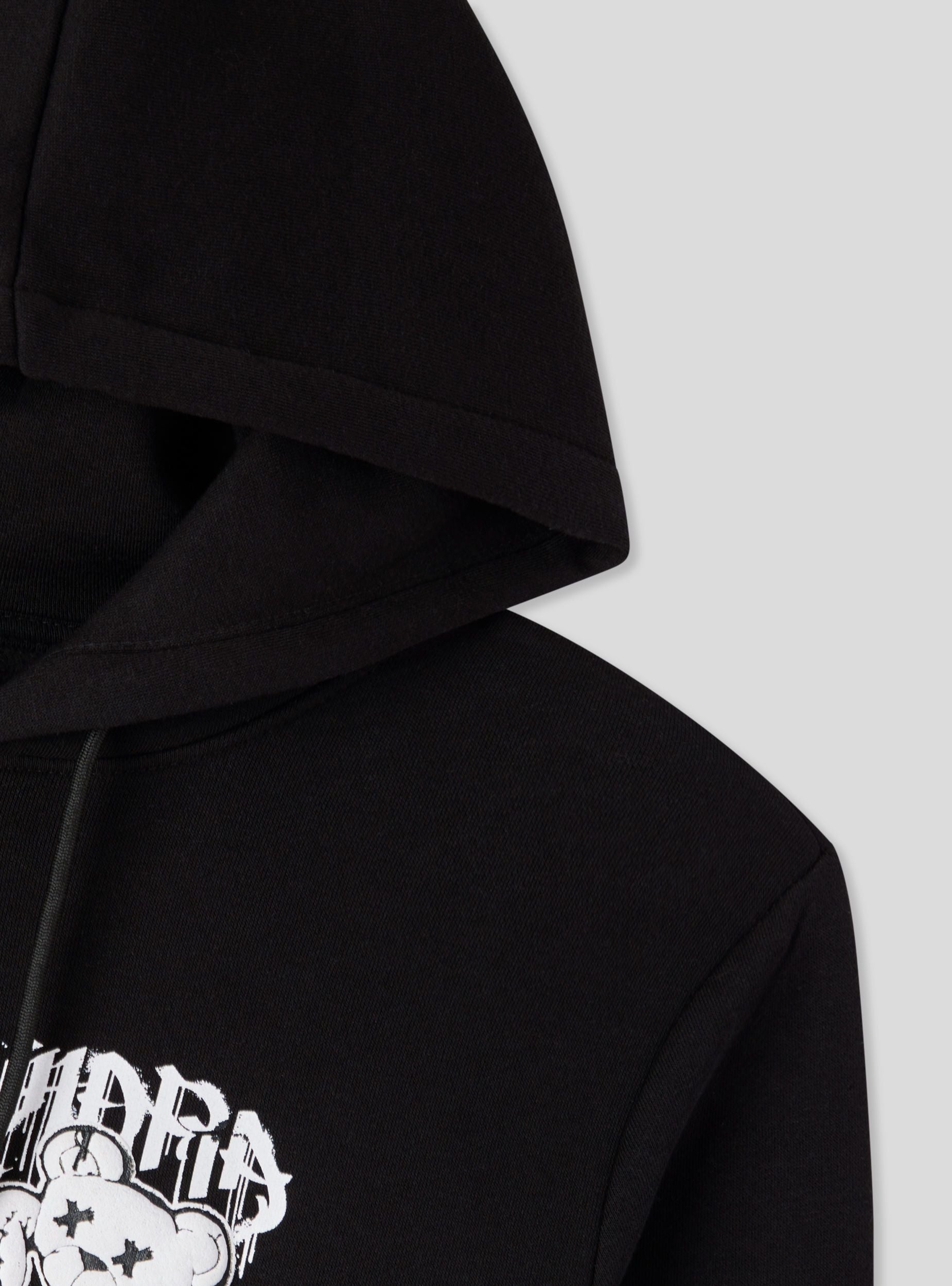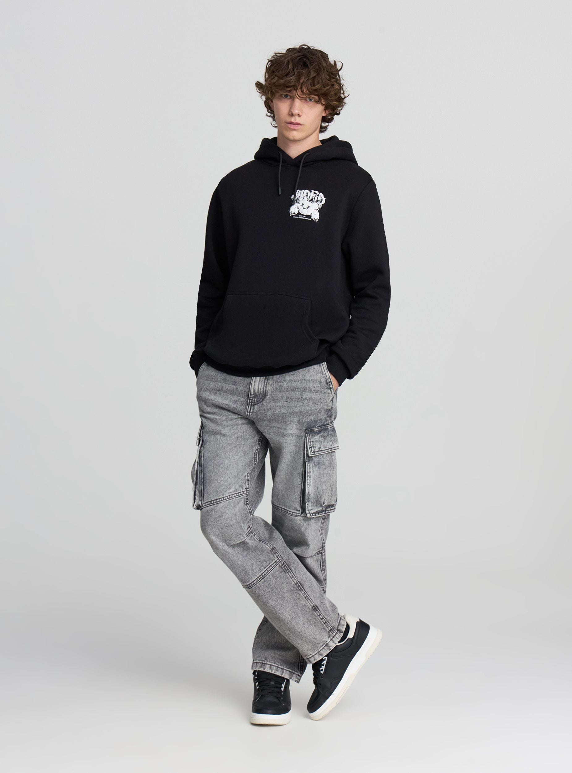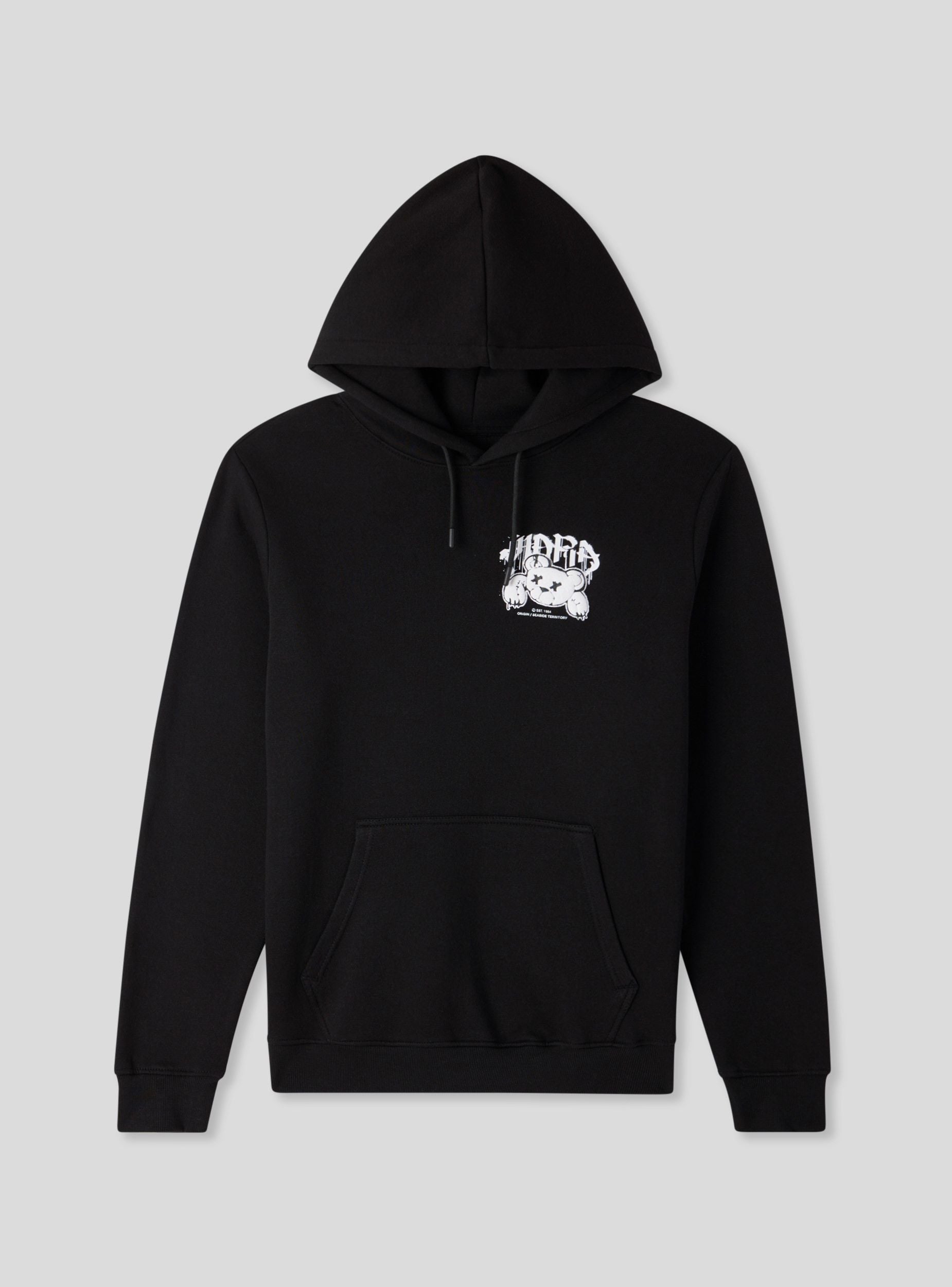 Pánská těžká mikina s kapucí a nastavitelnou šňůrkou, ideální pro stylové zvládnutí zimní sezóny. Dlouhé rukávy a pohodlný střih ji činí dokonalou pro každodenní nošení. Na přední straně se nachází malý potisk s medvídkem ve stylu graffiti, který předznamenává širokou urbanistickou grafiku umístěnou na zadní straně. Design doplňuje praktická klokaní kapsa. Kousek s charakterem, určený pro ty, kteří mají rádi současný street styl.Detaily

════════

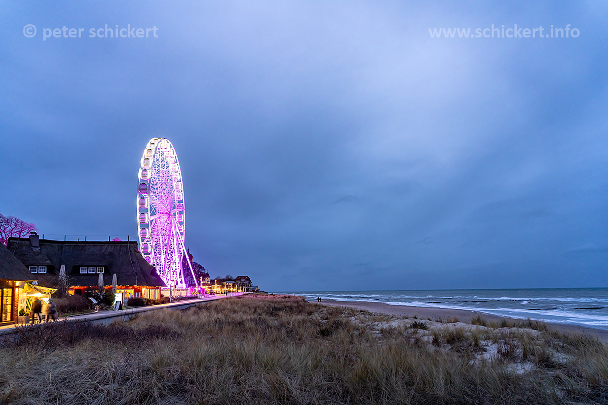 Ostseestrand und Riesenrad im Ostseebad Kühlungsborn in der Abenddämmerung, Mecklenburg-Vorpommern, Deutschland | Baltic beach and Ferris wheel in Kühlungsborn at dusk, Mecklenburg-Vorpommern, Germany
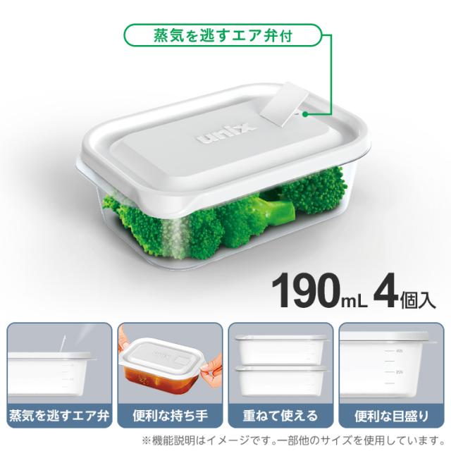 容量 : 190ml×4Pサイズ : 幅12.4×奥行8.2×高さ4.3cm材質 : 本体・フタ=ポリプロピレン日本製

════════

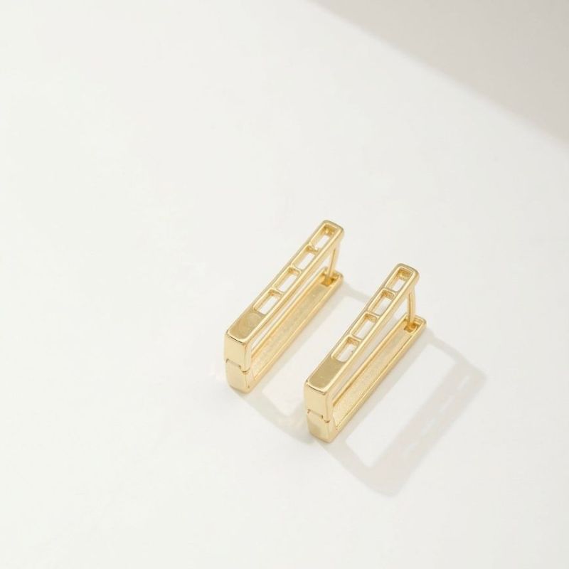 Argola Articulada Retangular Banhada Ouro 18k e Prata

════════

** PROBLEM **
Using the data above, retype exactly the lines from the line with "Ostseestrand und Riesenrad" to the line with "容量 : 190ml×4Pサイズ", inclusive. No pictures and nothing else.

** TASK RESULT **
 Ostseestrand und Riesenrad im Ostseebad Kühlungsborn in der Abenddämmerung, Mecklenburg-Vorpommern, Deutschland | Baltic beach and Ferris wheel in Kühlungsborn at dusk, Mecklenburg-Vorpommern, Germany
 容量 : 190ml×4Pサイズ : 幅12.4×奥行8.2×高さ4.3cm材質 : 本体・フタ=ポリプロピレン日本製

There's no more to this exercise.